Exercise data =
+ + +
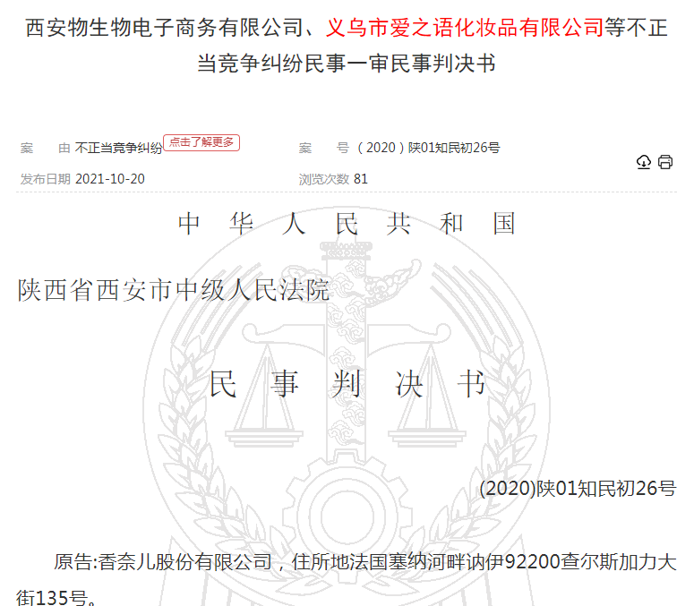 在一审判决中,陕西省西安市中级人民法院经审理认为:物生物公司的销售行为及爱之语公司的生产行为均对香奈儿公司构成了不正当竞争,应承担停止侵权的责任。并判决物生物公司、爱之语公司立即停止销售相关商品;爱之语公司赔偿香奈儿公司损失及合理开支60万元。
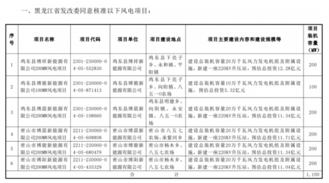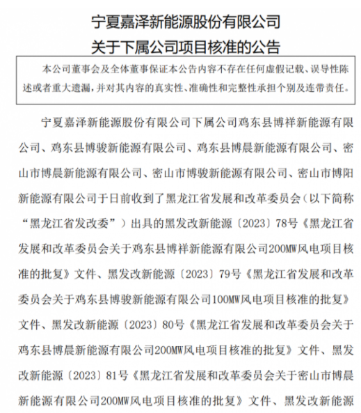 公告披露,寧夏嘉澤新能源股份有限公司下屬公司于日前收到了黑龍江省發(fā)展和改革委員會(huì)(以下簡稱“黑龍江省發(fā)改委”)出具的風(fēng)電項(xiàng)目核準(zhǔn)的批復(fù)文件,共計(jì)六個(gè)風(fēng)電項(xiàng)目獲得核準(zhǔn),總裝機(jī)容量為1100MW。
+ + +
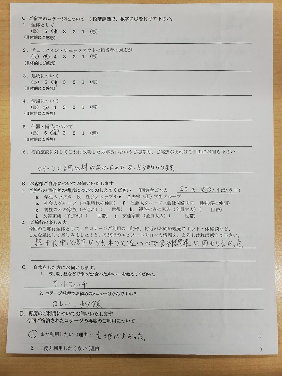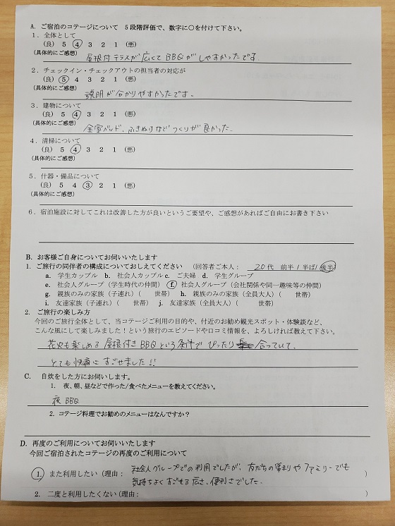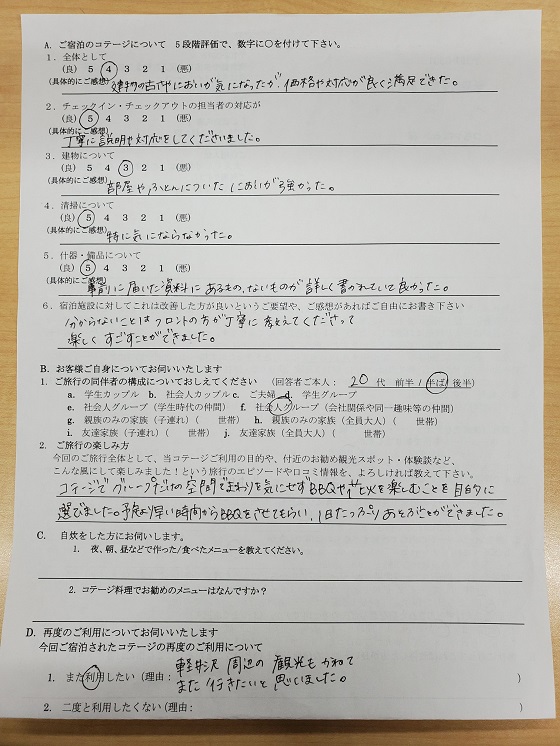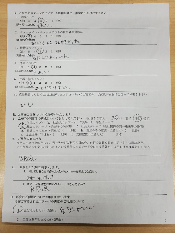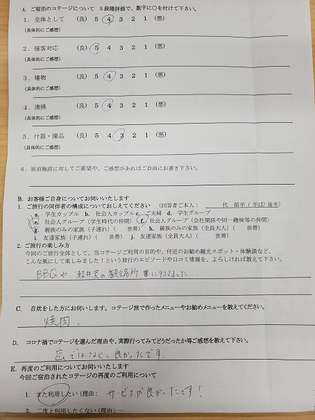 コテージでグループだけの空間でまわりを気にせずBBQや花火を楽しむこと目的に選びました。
+ + +
Each line from the one that contains "在一审判决中,陕西省西安市中" down to the one that contains "公告披露,寧夏嘉澤新能源股份" is to be returned exactly as it stands above, both ends included, with pictures removed.

 在一审判决中,陕西省西安市中级人民法院经审理认为:物生物公司的销售行为及爱之语公司的生产行为均对香奈儿公司构成了不正当竞争,应承担停止侵权的责任。并判决物生物公司、爱之语公司立即停止销售相关商品;爱之语公司赔偿香奈儿公司损失及合理开支60万元。
 公告披露,寧夏嘉澤新能源股份有限公司下屬公司于日前收到了黑龍江省發(fā)展和改革委員會(huì)(以下簡稱“黑龍江省發(fā)改委”)出具的風(fēng)電項(xiàng)目核準(zhǔn)的批復(fù)文件,共計(jì)六個(gè)風(fēng)電項(xiàng)目獲得核準(zhǔn),總裝機(jī)容量為1100MW。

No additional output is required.